Okay, I can almost see your eyebrows lifting in question (in that wtf-is-this-nutshell-talking-about), but if you bare with me for a few minutes, I'll elaborate as best I can. Several years ago--I was still a student at Georgia Tech, so it was at least 4 years ago, but more likely to be like...6-7 years ago--I somehow became interested in International Adoption in general, but adoptiong from Ukraine in particular. I did some research, had rambling conversations with my husband,  and eventually decided that was something I wanted to pursue in the future. I was going to set it on the back burner, because, well, I was A) too young at the time and B) was not wanting children any time soon, anyway.

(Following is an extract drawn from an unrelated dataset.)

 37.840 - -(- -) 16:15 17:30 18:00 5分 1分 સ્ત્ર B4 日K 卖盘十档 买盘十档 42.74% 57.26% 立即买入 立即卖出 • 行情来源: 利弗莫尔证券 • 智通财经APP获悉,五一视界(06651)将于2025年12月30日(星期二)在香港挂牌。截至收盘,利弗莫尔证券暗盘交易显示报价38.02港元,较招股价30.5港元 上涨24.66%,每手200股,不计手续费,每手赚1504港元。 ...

Over the years, the image I had painted of the process slowly began to be eaten away. Several of the courses I took in both my undergraduate and graduate degree programs began to make me waiver in my desire to adopt from Ukraine (not to mention that the country closed down adoptions there for a period of time sometime in there somewhere...). It all because a little complicated and confusing for me, and I ended up moving the idea from the back burner to the freezer.

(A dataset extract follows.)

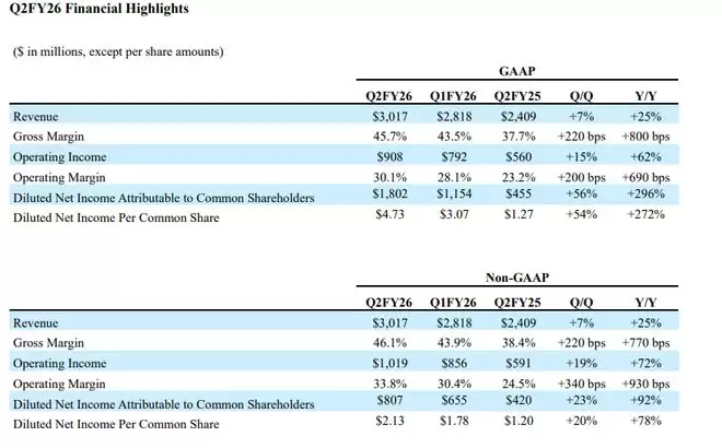 其他的利润数据方面,non-GAAP准则之下,这家企业级近线高容量HDD领军者第二财季调整后的每股收益(EPS)为2.13 美元,高于分析师们平均预期的约1.93 美元;non-GAAP准则的调整后净利润约为8.07亿美元,实现同比大幅增长92%,调整后的营业利润则高达10.19亿美元,同比增长约72%。GAAP准则下,西部数据第二财季营业利润约9.08亿美元,同比增长62%,净利润约18.02亿美元,同比基准下激增296%。

Fast forward a few years; I got bit by the baby bug, I got pregnant, E was born, and adoption was the last thing on my mind. And then, one day, I was driving on post and there was an MWR (Morale, Welfare, and Recreation) sign that was begging for JBLM families to foster. It got me thinking about adoption, again, but this time from the domestic side. My academic conscience couldn't find a while lot wrong with adopting domestically (though the legality that comes with foster-adopting is scary stuff). A few days later, in the Army Officers' Wives Facebook group, someone brought up adoption and it became a rather popular discussion. A lot of women on there discussed their reasons for going the international route for their adoptions: it's tough to do a domestic adoption in the US. It's nearly impossible for military families who constantly move (this is just the opinion of a handful of people, but it made enough sense to me). They expressed their preference for international adoption, simply because it is easier, and my academic self  was tackled by my common sense self; I was reminded of what I had probably known all along: having a family might just be the most important thing to a child without one, regardless of where that child is born.

So, the thought reentered my mind, and it once again became a possibility for the future. And then I found Lora's blog. Today, I went and read through some of her posts that were tagged "adoption," and I got a better feel for what her early-on experiences were (I haven't made my way through all of the posts)... And for someone who really has a hard time believing in things like signs and "meant-to-be's," it sure felt like a kick in the pants.